Your answer must be the exact lines of the listing below that run from the line with "Художественная работа Анны" to the line with "And then Serena", ends included, and no pictures.
++++ SUPPLIED RECORDS ++++
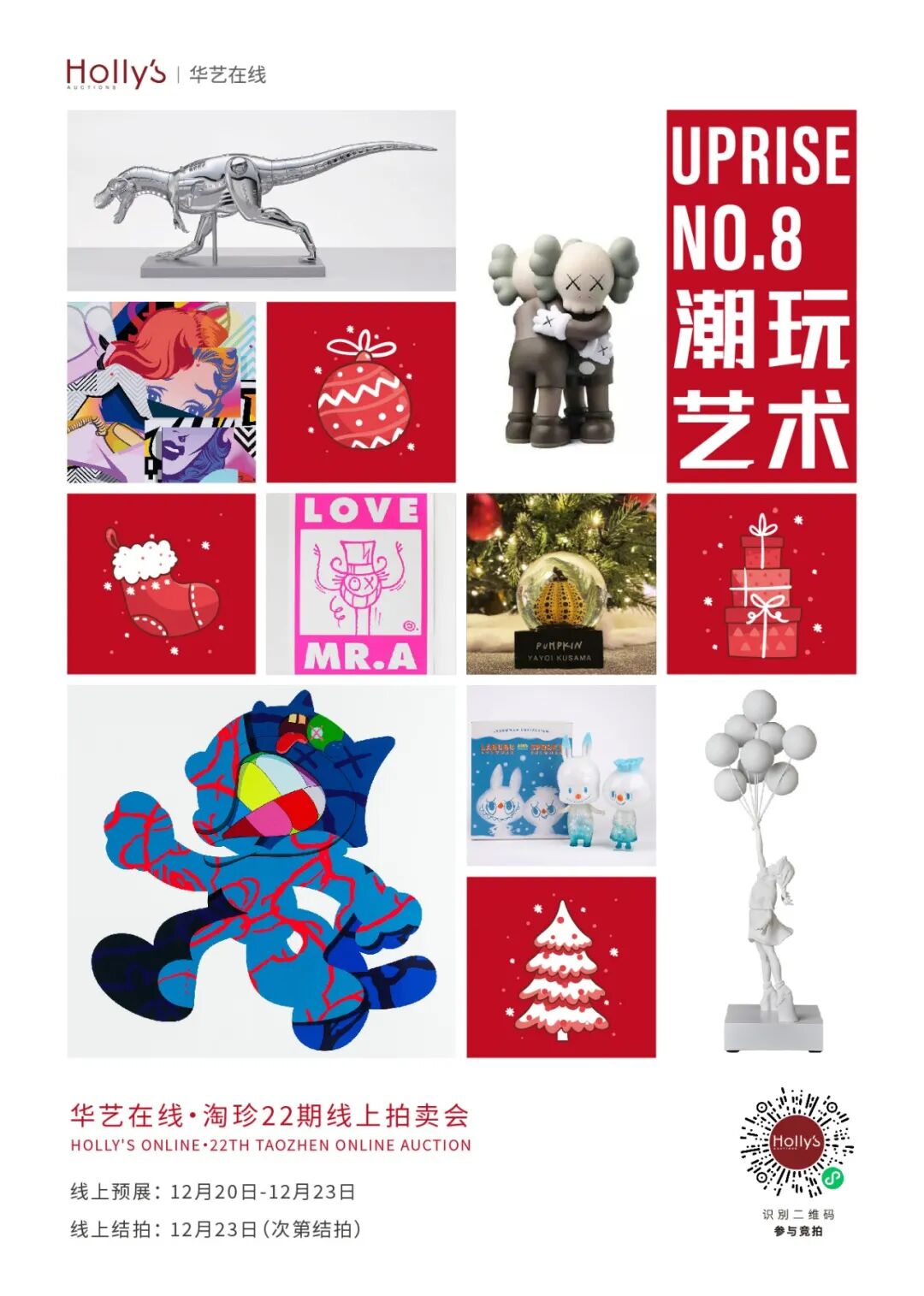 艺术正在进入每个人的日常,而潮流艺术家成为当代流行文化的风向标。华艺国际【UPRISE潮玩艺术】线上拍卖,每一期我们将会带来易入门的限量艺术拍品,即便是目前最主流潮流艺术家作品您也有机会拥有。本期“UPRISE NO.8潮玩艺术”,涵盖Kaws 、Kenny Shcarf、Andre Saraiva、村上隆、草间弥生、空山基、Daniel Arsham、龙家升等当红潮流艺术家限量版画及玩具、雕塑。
++++
++++ SUPPLIED RECORDS ++++
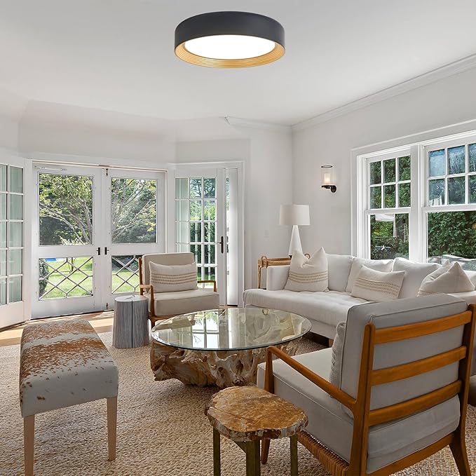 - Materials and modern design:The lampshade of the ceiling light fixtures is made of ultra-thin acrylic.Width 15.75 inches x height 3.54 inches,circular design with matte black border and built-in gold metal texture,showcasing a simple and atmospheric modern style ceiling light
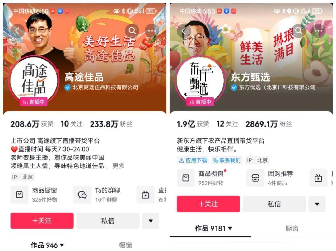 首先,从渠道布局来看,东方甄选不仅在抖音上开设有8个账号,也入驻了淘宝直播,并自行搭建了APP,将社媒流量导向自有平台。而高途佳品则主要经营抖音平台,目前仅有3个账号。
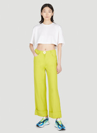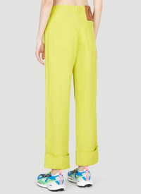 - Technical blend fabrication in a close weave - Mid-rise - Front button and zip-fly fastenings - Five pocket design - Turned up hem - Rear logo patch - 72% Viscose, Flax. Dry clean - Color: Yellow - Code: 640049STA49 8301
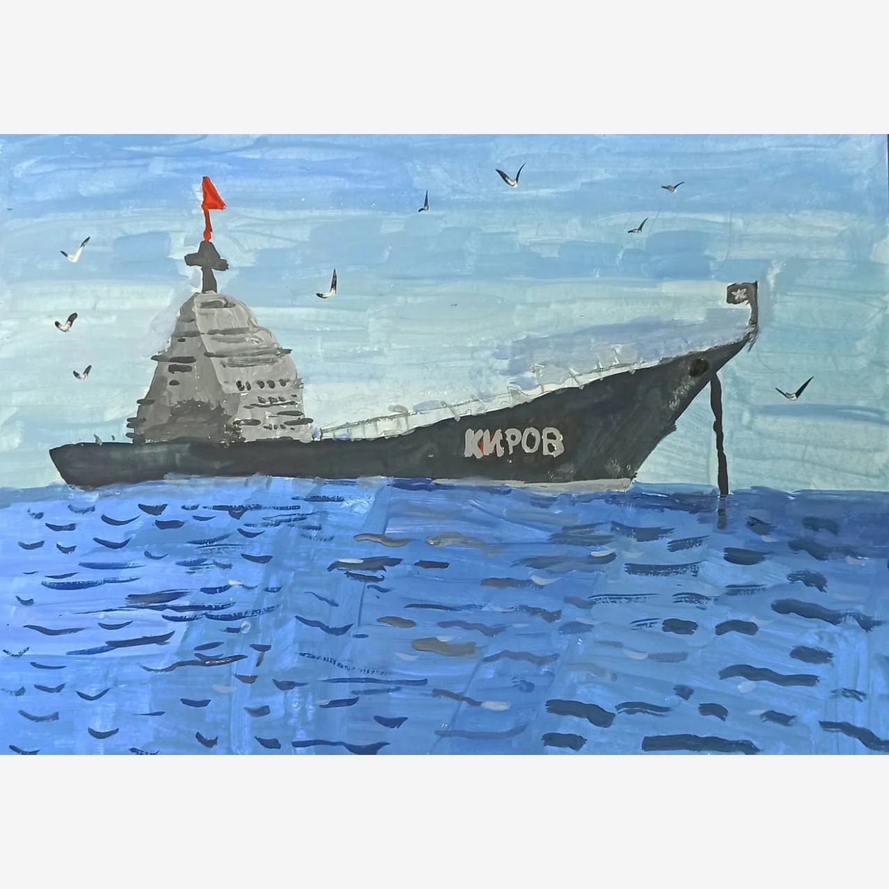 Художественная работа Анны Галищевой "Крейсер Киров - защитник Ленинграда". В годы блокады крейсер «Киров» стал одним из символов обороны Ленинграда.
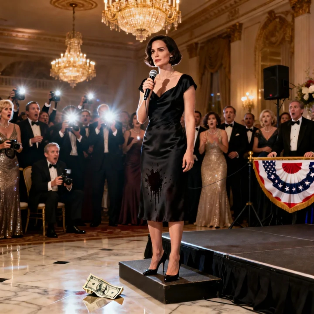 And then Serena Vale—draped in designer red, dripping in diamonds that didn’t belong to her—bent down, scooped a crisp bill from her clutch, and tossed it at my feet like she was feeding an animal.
++++
▶ REPLY TO THE EXERCISE:
 Художественная работа Анны Галищевой "Крейсер Киров - защитник Ленинграда". В годы блокады крейсер «Киров» стал одним из символов обороны Ленинграда.
 And then Serena Vale—draped in designer red, dripping in diamonds that didn’t belong to her—bent down, scooped a crisp bill from her clutch, and tossed it at my feet like she was feeding an animal.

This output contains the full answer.